▸ **Recorded data**
***
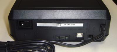 裏面にはUSB端子とeSATA端子の両方がある。USB端子は「ミニB端子」ではなく、通常サイズの「B端子」である。その右にはパソコン電源連動機能のON/OFFを切り替えるスイッチがある。電源スイッチも裏面である。
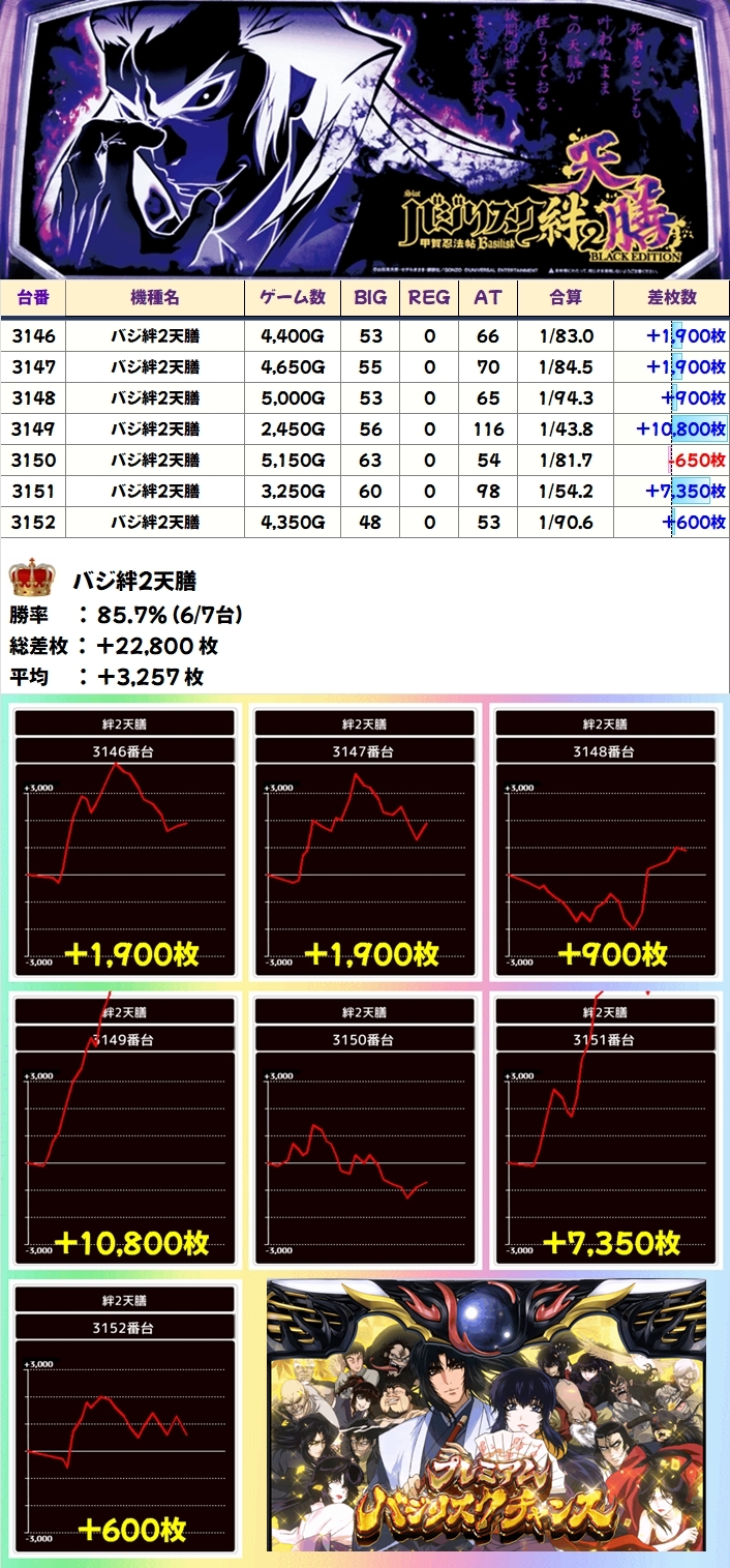 【全台系濃厚】バジ絆2天膳(6/7台+)→平均+3,257枚
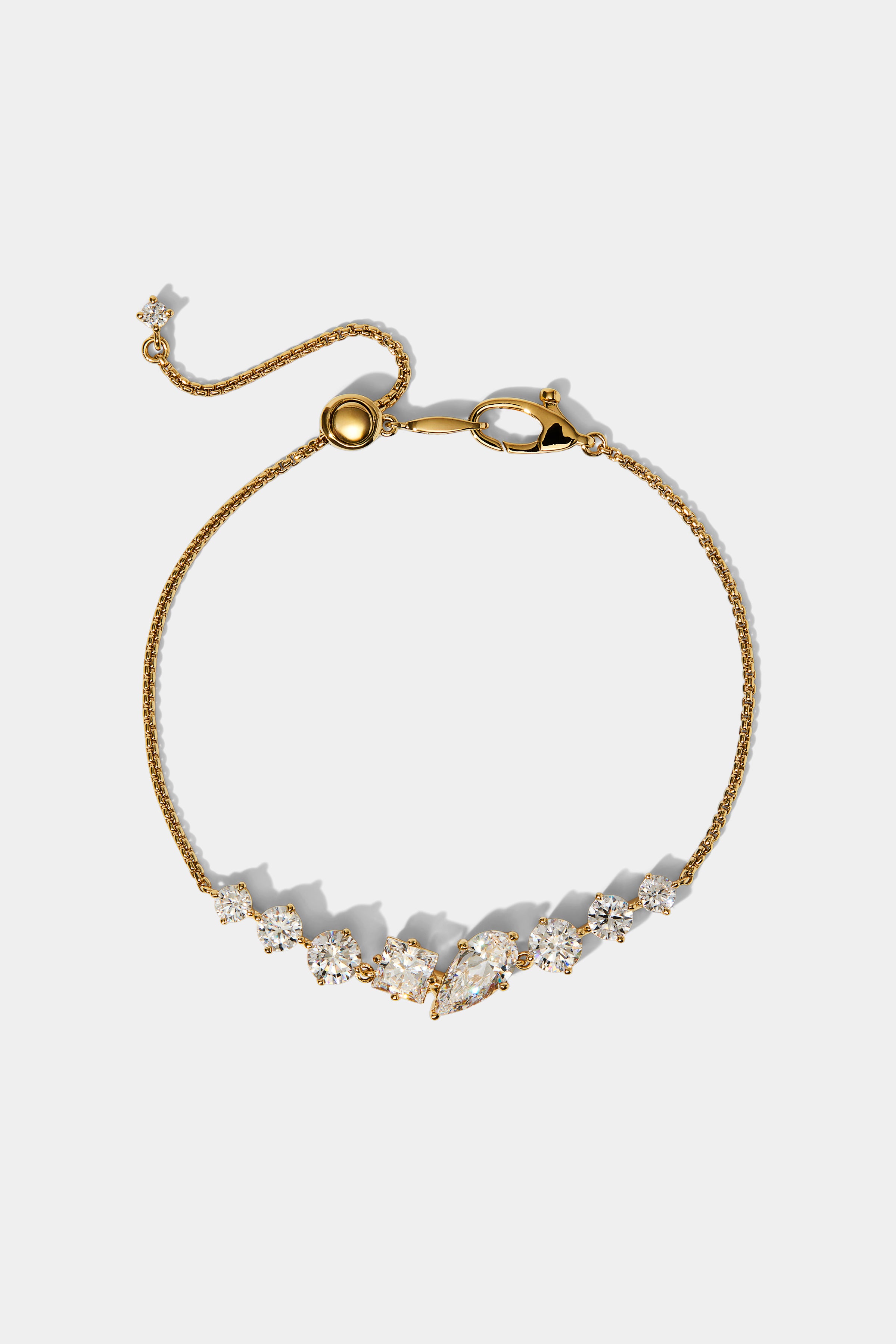 This line bracelet features a sleek row of mixed-cut CZ stones set at soft angles along a delicate chain, creating a light, airy silhouette with subtle dimension. Pointed prong details give each stone a crisp, architectural edge while enhancing brilliance.
***
▸ **Assigned task**
Retype the whole listing word for word. Skip the pictures.

▸ **Solved problem**
 裏面にはUSB端子とeSATA端子の両方がある。USB端子は「ミニB端子」ではなく、通常サイズの「B端子」である。その右にはパソコン電源連動機能のON/OFFを切り替えるスイッチがある。電源スイッチも裏面である。
 【全台系濃厚】バジ絆2天膳(6/7台+)→平均+3,257枚
 This line bracelet features a sleek row of mixed-cut CZ stones set at soft angles along a delicate chain, creating a light, airy silhouette with subtle dimension. Pointed prong details give each stone a crisp, architectural edge while enhancing brilliance.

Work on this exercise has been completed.